The only road bike I've ridden before was a friend's OCR2 with a triple front chainring...I've probably ridden it a total of 120 miles, and I never used the small ring...mostly middle and the big on occaision. The 105 Double is terrific so far...it shifts nicely and with the trim you can keep the derailleur from rubbing in certain gear combinations. I am not sure how many teeth are on the big ring, and I'm not real fond of how it looks, so I might replace it for one with a couple more teeth and a little better look, but I'm not certain on that. My bike is a 54. If you want any more pics or pics of something in particular just let me know and I'll get them up for you as soon as I can .


----------



## DJF (Nov 16, 2005)

*New bike arrived!*

The day has finally arrived....just got back from picking up my new '06 Allez comp - Gerolsteiner scheme....what can I say it is definatley a beautiful looking machine! Too late/dark/snowy to ride now but cant wait to get out on a clear road-hopefully that wont be too long as we have had a surprisingly "easy" winter this year. Went with Crank Brothers Quattros for pedals - have heard nothing but good things about them. I'm surprised at how solid the AKSIUMs look - only time will tell....Let me know if you run into any issues with yours as you break it in....now I need to decide an computer...no other upgrades planned at this time. Thanks again for posting the pic's. Cheers & enjoy!


----------



## OneGear (Aug 19, 2005)

DJF said:


> The day has finally arrived....just got back from picking up my new '06 Allez comp - Gerolsteiner scheme....what can I say it is definatley a beautiful looking machine! Too late/dark/snowy to ride now but cant wait to get out on a clear road-hopefully that wont be too long as we have had a surprisingly "easy" winter this year. Went with Crank Brothers Quattros for pedals - have heard nothing but good things about them. I'm surprised at how solid the AKSIUMs look - only time will tell....Let me know if you run into any issues with yours as you break it in....now I need to decide an computer...no other upgrades planned at this time. Thanks again for posting the pic's. Cheers & enjoy!

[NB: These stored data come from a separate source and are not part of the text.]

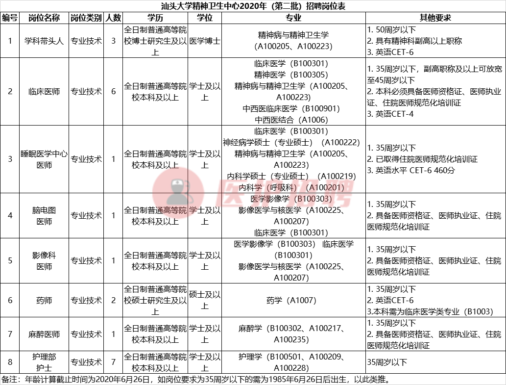 详见附件1《汕头大学精神卫生中心2020年(第二批)招聘岗位表》。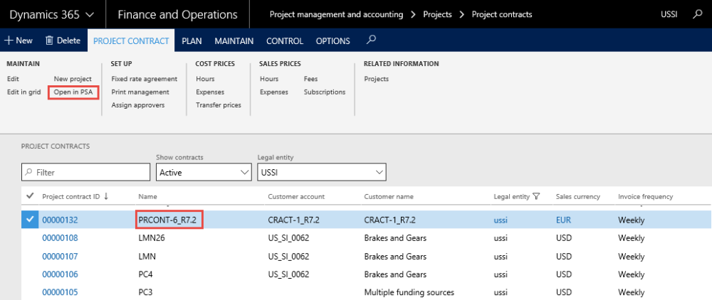 The project contracts data integrated to Microsoft Dynamics 365 for Finance and Operations can be compared with Project Service Automation application (PSA) on the below form.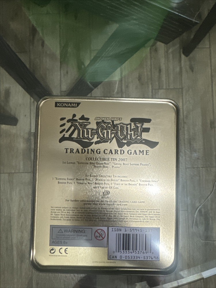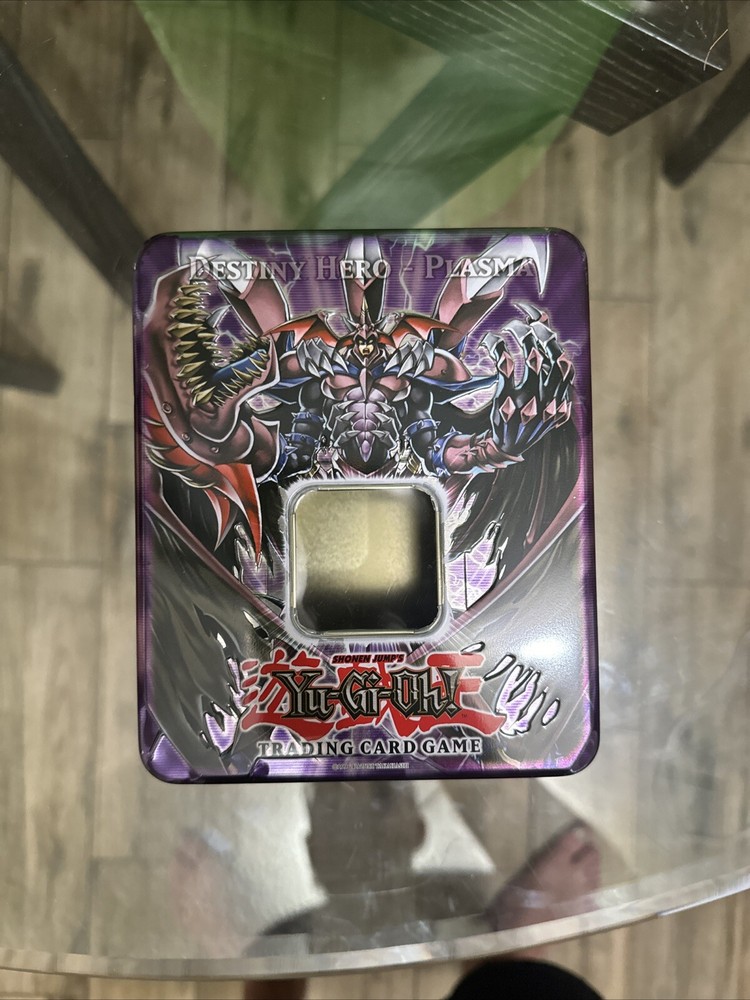 This collectible tin features the Yu-Gi-Oh Shonen Jump's Destiny Hero Plasma design from 2007. The tin is empty, but it is a must-have for any fan of the popular trading card game. The tin is made of durable material and is perfect for storing and organizing your cards. The design is eye-catching and features the iconic Destiny Hero Plasma card. This tin is a great addition to any CCG collection.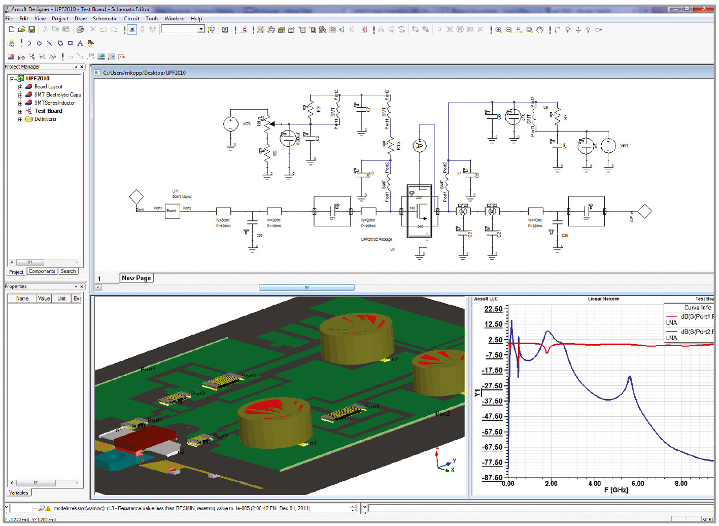 - ANSYS Designer RF – самая полная конфигурация объединяет функциональные возможности ANSYS Designer RF Circuit и ANSYS Designer RF Plannar EM. На рисунке 2 в качестве примера представлена принципиальная схема усилителя, разработанного в ANSYS Designer RF, его топология и результаты моделирования S-параметров.
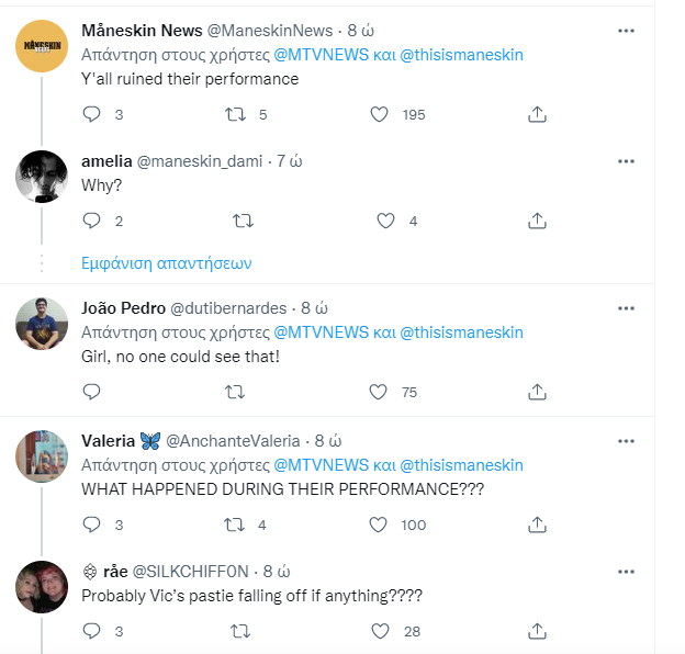 Οι θαυμαστές ξέσπασαν στο twitter αντιδρώντας για την επιλογή των ιθυνόντων να μην δείξουν όπως έπρεπε την εκπληκτική ροκ εμφάνιση των Måneskin κατηγορώντας τους ότι την κατέστρεψαν.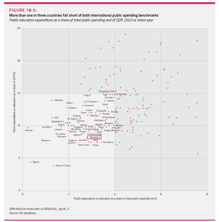 Guvernul român a cheltuit în anul 2023 doar 3.3% din PIB pentru educație. România este pe locul 123 în topul mondial, la același nivel cu Tanzania și după state precum Zambia, Anguilla, Palau, San Marino, Paraguay, Benin și Panama.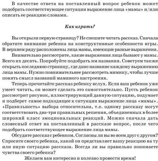 Дорогие родители и дети! Перед вами игра, которая поможет вам научиться лучше понимать друг друга. Как важно знать ребенку, будет ли довольна мама его поступком, мнением, движением души. Как полезно и интересно узнать мамам, каких реакций ожидают от них дети, как они понимают разные житейские ситуации. Играя в эту игру, ребенок научится лучше различать разные эмоциональные состояния и настроения, а проще всего этому учиться "на маме" - самом первом, самом близком человеке. Ребенок научится самостоятельно оценивать разные ситуации и предвидеть реакции своей мамы. Если он чуть-чуть ошибется, игра сама подскажет ему правильное решение. Ребенок узнает, как называются основные человеческие настроения, и научится соотносить название эмоции с выражением лица. Приобретенные в игре знания и некоторый эмоциональный опыт помогут ребенку лучше понимать не только житейские ситуации дома, в школе, во дворе, но и рассказы, фильмы и т. п. Надеемся, что эта игра будет интересна и полезна и детям, и их родителям.

Congrats, lets see those pics!


----------



## jnims29 (Sep 18, 2005)

I think the components went down in spec because shimano went up in price. Something to the tune of 20-25%.


----------



## TBomb (Dec 4, 2005)

jnims29 said:


> I think the components went down in spec because shimano went up in price. Something to the tune of 20-25%.


actually, it is because specialized added two new models. well, it could be a combination of both. anyway, last year the allez comp was the top of the line allez (thus the DA/Ult. group) but this year specialized added the allez expert above the comp and the allez pro above that. however, the expert is still not spec'd the way that last year's comp was, which makes me think it was probably a combination of a new model and an increase in cost.


----------